Legacy Network Machine Decommissioning Tool

Client
AT&T Network Capacity Engineers

When
2016

Team
User Experience Designer and Researcher, 2 Data Scientists, and Front-End Engineer

Role
Lead User Experience Designer and Researcher

Just like many other large, established companies, AT&T finds itself in an interesting situation of needing to deal with a world of dramatically increasing scale and complexity. For decades, experienced company veterans have been able to address these challenges manually with the knowledge, skills, and intuition they have built over a career in their roles.

However, we are now reaching a scale where this is no longer feasible, and we are facing a host of problems that cannot be manually addressed. By building intelligent systems, we bring radical efficiency changes to how AT&T operates. These are orders of magnitude improvements, where something that may have taken months manually, may now take only an hour.

Along with my user experience research and design skills, my team built one such intelligent system to manage this complexity for network capacity engineers as they decommission legacy machines on the network. Our tool was extremely well received by our colleagues in the field and is currently being used in decommissioning to save unnecessary hours of labor and costs.

The Opportunity

AT&T’s legacy telephone wire system is made of automated, interconnected switches on a nationwide scale and has been around for decades. Maintaining this vast network requires a significant amount of money spent towards power. Naturally, AT&T is interested in finding equipment that can be decommissioned or replaced with newer, more efficient equipment in an effort to reduce this large footprint, all with an active, live network that must remain fully reliable through this process.

Currently, decommissioning a machine requires weeks or months of tedious, manual planning by highly experienced and trained engineers, each with their own personalized workflow.

Legacy Network Machine Decommissioning Tool UX Mockup on three screens

The Solution

We created an assistive tool for network capacity engineers to reduce this time to hours by recommending better alternatives to free them for their other responsibilities. Our tool helps discover and recommend plans for removing equipment from the network.

Our project focused on two primary objectives:

1. Evaluating network equipment to establish a priority order for decommissioning.
2. Creating and recommending a valid circuit reassignment plan for operators to take into consideration.

Design Process

While my colleagues were developing the machine learning aspects to this project, I conducted user interviews to better understand the needs of a network capacity engineer to inform our product decisions.

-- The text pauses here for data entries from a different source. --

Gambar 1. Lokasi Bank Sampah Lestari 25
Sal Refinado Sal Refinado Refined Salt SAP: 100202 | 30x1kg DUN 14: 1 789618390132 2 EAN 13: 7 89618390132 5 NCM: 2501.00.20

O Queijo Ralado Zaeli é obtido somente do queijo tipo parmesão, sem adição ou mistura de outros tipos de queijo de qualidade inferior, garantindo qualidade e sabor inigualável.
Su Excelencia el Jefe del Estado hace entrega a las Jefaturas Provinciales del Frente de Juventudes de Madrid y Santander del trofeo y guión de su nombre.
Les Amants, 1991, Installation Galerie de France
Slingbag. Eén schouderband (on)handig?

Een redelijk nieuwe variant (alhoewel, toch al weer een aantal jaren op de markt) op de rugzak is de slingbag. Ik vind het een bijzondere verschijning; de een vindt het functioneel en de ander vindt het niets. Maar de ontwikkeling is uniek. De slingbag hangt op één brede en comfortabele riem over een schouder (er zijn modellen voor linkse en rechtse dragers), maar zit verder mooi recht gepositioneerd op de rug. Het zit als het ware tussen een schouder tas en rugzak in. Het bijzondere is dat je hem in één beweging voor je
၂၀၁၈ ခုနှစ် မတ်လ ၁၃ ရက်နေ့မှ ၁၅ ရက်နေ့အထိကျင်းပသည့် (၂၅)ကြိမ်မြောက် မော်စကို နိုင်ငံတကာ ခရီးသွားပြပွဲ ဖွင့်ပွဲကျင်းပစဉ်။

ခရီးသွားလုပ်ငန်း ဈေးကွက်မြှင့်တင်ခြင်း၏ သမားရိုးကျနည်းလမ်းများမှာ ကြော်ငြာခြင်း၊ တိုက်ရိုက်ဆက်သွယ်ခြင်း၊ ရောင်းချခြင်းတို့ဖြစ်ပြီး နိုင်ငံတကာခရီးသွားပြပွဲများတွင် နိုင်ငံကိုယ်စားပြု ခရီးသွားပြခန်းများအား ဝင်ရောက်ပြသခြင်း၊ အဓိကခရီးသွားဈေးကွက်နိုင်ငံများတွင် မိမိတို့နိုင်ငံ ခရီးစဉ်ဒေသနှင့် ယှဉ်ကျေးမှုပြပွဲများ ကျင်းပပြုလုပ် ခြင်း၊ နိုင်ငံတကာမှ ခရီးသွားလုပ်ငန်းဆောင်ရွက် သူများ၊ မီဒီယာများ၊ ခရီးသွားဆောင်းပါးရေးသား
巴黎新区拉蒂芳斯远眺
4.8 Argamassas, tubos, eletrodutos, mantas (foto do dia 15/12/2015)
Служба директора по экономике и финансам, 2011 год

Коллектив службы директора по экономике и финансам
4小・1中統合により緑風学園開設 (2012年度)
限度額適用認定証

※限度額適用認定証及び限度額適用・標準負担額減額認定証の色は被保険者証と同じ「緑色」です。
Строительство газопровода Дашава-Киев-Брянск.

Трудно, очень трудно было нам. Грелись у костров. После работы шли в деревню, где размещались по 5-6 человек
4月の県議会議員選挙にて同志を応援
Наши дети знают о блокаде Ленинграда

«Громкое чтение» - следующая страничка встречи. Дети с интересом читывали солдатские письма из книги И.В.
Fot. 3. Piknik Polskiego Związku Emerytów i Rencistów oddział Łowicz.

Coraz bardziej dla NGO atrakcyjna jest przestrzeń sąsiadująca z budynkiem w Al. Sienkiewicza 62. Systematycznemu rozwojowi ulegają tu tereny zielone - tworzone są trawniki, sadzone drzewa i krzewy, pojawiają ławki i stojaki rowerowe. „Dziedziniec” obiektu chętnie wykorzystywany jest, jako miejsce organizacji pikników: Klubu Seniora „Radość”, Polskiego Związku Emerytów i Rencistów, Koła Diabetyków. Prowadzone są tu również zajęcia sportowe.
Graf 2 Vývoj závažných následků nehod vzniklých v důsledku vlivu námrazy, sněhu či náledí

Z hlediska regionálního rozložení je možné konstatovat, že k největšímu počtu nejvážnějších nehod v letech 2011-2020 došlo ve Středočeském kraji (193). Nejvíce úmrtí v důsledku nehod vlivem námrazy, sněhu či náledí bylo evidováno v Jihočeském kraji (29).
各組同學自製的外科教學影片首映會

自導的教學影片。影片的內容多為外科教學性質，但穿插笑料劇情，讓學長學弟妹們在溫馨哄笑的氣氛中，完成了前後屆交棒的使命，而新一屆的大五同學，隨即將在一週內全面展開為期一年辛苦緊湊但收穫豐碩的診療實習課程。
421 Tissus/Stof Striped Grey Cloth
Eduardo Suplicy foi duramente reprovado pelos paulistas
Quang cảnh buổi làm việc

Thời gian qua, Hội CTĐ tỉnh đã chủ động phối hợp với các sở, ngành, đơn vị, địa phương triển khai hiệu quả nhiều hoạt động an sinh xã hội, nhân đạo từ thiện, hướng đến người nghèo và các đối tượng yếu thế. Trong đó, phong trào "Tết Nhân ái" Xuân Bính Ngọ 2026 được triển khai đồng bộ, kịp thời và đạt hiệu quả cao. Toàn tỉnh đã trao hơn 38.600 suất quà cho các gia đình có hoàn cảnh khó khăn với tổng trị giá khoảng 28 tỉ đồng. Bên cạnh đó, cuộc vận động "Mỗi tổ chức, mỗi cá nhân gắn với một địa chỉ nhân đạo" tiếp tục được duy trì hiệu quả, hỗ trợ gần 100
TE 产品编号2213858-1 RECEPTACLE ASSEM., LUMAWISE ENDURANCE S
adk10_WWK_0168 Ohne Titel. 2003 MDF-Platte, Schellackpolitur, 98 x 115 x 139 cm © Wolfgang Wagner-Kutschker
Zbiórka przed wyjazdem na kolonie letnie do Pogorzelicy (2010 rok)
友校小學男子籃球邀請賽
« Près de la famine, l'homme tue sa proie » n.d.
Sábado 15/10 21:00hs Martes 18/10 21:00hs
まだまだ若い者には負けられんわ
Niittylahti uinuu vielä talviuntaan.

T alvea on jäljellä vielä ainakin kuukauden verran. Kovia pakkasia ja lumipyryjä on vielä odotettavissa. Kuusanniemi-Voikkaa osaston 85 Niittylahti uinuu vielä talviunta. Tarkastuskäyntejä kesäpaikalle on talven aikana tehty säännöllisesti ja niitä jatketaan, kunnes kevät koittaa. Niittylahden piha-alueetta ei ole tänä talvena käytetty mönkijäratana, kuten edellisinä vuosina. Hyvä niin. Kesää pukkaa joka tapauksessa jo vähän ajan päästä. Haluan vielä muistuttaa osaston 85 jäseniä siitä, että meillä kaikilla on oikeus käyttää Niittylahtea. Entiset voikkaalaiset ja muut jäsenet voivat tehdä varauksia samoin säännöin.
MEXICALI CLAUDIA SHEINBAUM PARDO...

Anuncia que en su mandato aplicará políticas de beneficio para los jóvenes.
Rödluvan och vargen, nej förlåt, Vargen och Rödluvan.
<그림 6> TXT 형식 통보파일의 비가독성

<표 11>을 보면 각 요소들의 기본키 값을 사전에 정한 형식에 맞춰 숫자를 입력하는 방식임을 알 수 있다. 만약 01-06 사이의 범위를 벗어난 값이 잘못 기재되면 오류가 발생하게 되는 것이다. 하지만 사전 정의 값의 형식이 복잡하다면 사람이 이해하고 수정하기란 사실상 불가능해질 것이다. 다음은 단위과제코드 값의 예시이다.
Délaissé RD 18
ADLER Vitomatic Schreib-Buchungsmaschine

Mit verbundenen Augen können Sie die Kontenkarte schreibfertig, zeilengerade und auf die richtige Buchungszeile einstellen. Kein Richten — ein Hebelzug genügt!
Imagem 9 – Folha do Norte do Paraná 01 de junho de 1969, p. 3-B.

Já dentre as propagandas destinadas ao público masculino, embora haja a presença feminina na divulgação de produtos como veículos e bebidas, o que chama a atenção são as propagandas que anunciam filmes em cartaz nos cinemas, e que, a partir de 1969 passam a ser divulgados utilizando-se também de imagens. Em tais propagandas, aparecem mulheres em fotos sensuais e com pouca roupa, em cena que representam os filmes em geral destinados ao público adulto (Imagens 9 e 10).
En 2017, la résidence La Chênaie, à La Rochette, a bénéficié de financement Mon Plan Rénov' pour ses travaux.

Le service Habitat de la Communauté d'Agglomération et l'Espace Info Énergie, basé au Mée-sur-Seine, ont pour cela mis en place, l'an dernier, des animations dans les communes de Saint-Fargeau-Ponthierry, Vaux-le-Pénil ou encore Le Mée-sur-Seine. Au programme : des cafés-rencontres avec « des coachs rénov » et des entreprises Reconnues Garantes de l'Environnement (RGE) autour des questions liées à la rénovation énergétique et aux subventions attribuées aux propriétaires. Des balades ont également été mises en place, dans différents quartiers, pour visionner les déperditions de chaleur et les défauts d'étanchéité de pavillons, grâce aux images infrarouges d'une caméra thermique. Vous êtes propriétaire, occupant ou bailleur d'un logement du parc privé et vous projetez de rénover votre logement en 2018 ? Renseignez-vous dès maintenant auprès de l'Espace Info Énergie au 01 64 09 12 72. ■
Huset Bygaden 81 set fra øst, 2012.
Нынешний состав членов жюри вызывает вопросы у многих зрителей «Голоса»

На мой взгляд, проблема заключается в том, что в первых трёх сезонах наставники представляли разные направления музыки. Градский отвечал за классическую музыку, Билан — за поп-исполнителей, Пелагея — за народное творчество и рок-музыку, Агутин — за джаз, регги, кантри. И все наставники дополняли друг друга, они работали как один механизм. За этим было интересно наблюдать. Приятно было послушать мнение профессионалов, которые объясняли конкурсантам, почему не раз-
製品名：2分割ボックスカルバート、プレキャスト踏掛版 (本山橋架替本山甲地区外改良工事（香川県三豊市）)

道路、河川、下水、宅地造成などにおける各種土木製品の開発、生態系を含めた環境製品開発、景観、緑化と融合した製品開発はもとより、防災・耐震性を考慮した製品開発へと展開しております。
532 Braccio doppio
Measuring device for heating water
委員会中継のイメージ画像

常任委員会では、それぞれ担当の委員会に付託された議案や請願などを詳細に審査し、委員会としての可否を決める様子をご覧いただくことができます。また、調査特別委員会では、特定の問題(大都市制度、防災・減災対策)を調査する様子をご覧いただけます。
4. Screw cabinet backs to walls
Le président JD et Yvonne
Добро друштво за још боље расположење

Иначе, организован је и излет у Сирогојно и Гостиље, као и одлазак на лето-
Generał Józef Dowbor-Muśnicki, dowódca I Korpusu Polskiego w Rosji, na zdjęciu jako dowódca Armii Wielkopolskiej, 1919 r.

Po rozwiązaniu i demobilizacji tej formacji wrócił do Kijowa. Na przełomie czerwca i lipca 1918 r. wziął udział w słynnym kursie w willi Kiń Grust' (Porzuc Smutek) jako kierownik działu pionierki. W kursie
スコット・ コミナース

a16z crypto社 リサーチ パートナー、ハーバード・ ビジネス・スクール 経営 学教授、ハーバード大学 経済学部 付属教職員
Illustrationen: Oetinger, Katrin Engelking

As themes in their workflows arose, I developed quick mockups to encapsulate the needs I was hearing.

AT&T Legacy Network Machine Decommissioning Tool wireframe flow mockups in Sketch

I continued to iterate on them as our understanding of the user needs evolved.

As we were on a short timeline, my colleague quickly began implementing a working web-interface prototype as per my designs to connect the command line into a more user-friendly experience. Within a few days, we had a fully functioning version of the tool that we could share with our users.

Through usability testing with network capacity engineers, we identified tens of changes to our working prototype and continued to iterate.

Impact

Today, this internal tool is used by network capacity engineers across the company and is radically changing the way AT&T works. This product was so successful in creating an efficiency disruption within the company that more work of this nature is being requested by internal teams. I found this highly impactful project extremely gratifying. With just a few months of applied work, we were able to disrupt an internal process to save costs and significantly change how the company and employees operate day to day.